§ Instructions for the task:
Copy nothing but the lines below, from the one with "Beautiful The New" through the one with "- Robertson, P.K.", exactly as written; no pictures should appear.

§ Given records:

§ §

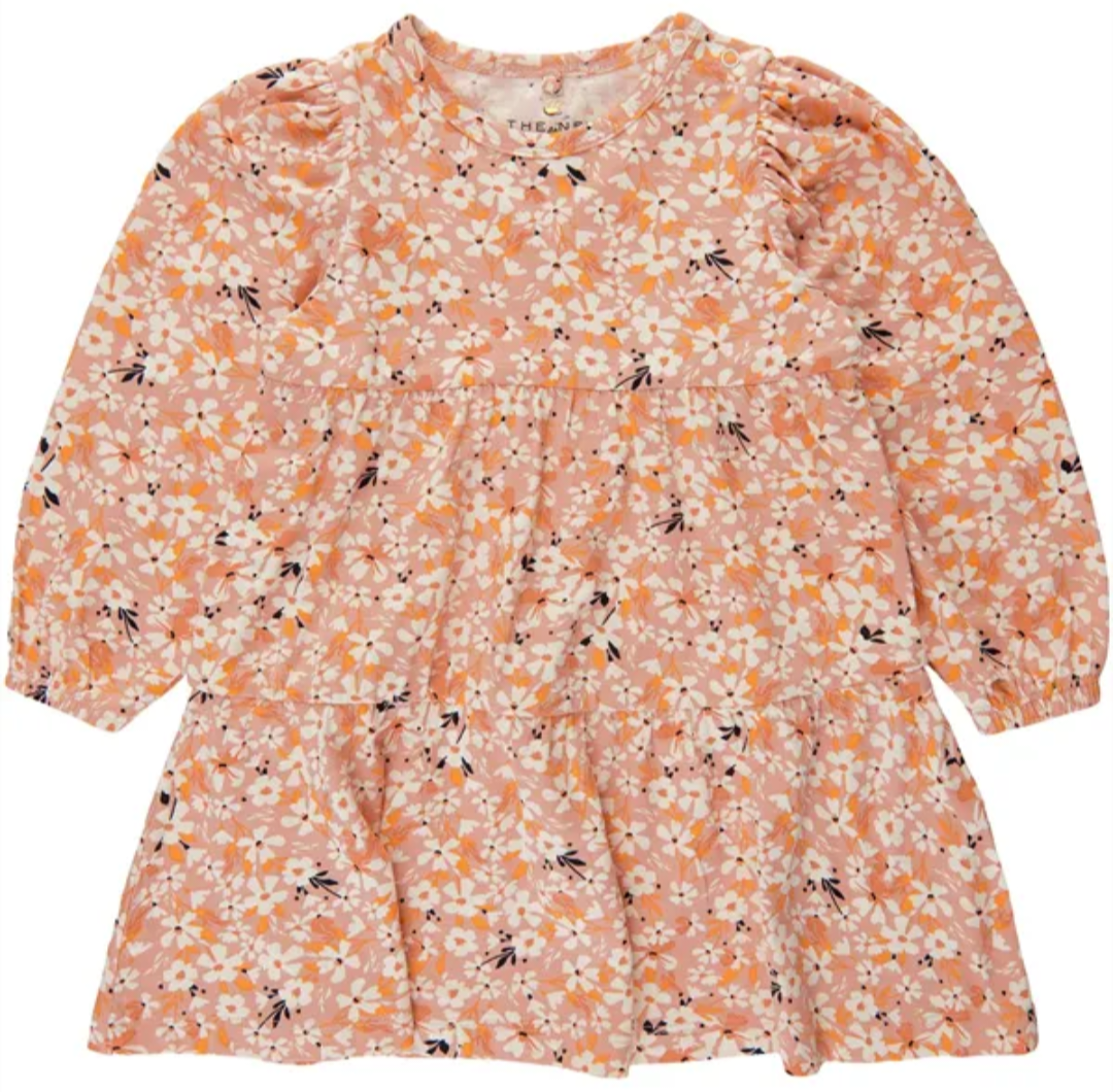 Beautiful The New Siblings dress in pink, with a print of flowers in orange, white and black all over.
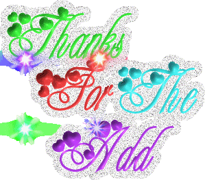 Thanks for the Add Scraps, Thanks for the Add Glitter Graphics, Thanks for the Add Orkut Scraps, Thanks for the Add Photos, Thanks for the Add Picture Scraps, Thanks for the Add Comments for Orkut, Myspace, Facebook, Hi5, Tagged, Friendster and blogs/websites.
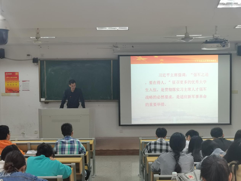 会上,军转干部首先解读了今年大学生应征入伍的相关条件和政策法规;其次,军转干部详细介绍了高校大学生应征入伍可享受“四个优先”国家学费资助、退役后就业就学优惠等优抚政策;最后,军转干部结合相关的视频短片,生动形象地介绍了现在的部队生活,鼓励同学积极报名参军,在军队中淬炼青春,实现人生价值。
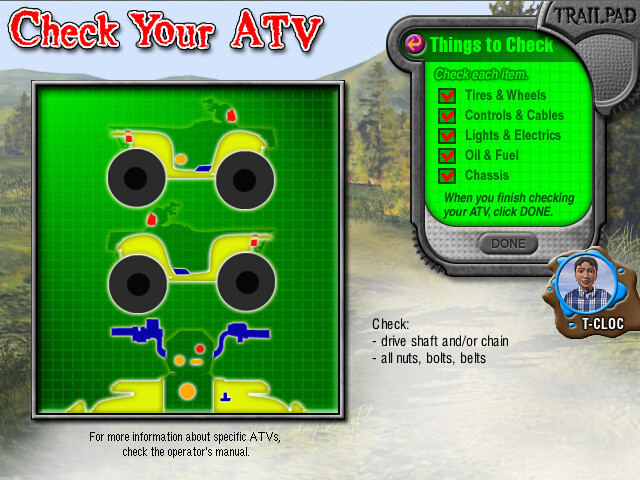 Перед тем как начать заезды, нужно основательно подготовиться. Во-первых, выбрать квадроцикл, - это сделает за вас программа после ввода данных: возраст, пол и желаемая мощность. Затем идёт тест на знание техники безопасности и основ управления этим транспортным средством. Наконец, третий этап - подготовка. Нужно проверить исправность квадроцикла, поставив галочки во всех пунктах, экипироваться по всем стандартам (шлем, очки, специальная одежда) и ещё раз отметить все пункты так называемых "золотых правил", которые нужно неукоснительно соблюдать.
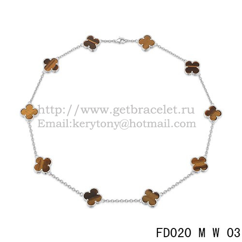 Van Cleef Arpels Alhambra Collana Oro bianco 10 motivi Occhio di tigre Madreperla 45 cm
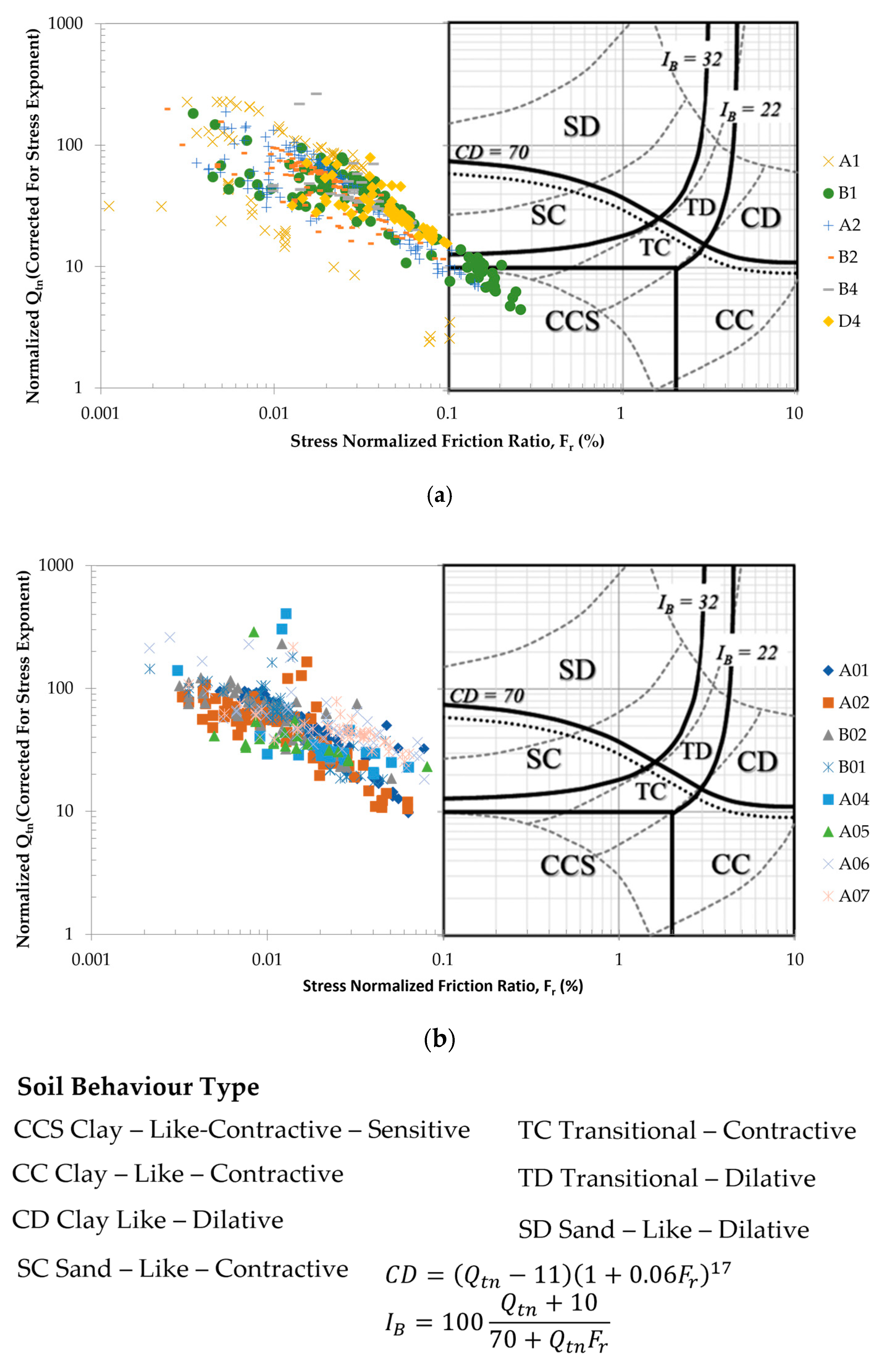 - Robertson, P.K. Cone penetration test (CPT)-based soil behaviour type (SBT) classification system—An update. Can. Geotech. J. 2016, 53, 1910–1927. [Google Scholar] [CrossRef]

§ §

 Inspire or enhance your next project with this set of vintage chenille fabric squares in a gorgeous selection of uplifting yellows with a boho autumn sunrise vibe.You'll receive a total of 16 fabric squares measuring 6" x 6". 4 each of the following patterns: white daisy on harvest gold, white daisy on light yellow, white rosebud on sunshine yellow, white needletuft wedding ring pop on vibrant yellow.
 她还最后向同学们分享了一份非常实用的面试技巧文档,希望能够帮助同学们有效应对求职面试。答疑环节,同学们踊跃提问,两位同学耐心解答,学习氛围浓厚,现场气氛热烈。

§ §

§ Exercise output:
 Beautiful The New Siblings dress in pink, with a print of flowers in orange, white and black all over.
 Thanks for the Add Scraps, Thanks for the Add Glitter Graphics, Thanks for the Add Orkut Scraps, Thanks for the Add Photos, Thanks for the Add Picture Scraps, Thanks for the Add Comments for Orkut, Myspace, Facebook, Hi5, Tagged, Friendster and blogs/websites.
 会上,军转干部首先解读了今年大学生应征入伍的相关条件和政策法规;其次,军转干部详细介绍了高校大学生应征入伍可享受“四个优先”国家学费资助、退役后就业就学优惠等优抚政策;最后,军转干部结合相关的视频短片,生动形象地介绍了现在的部队生活,鼓励同学积极报名参军,在军队中淬炼青春,实现人生价值。
 Перед тем как начать заезды, нужно основательно подготовиться. Во-первых, выбрать квадроцикл, - это сделает за вас программа после ввода данных: возраст, пол и желаемая мощность. Затем идёт тест на знание техники безопасности и основ управления этим транспортным средством. Наконец, третий этап - подготовка. Нужно проверить исправность квадроцикла, поставив галочки во всех пунктах, экипироваться по всем стандартам (шлем, очки, специальная одежда) и ещё раз отметить все пункты так называемых "золотых правил", которые нужно неукоснительно соблюдать.
 Van Cleef Arpels Alhambra Collana Oro bianco 10 motivi Occhio di tigre Madreperla 45 cm
 - Robertson, P.K. Cone penetration test (CPT)-based soil behaviour type (SBT) classification system—An update. Can. Geotech. J. 2016, 53, 1910–1927. [Google Scholar] [CrossRef]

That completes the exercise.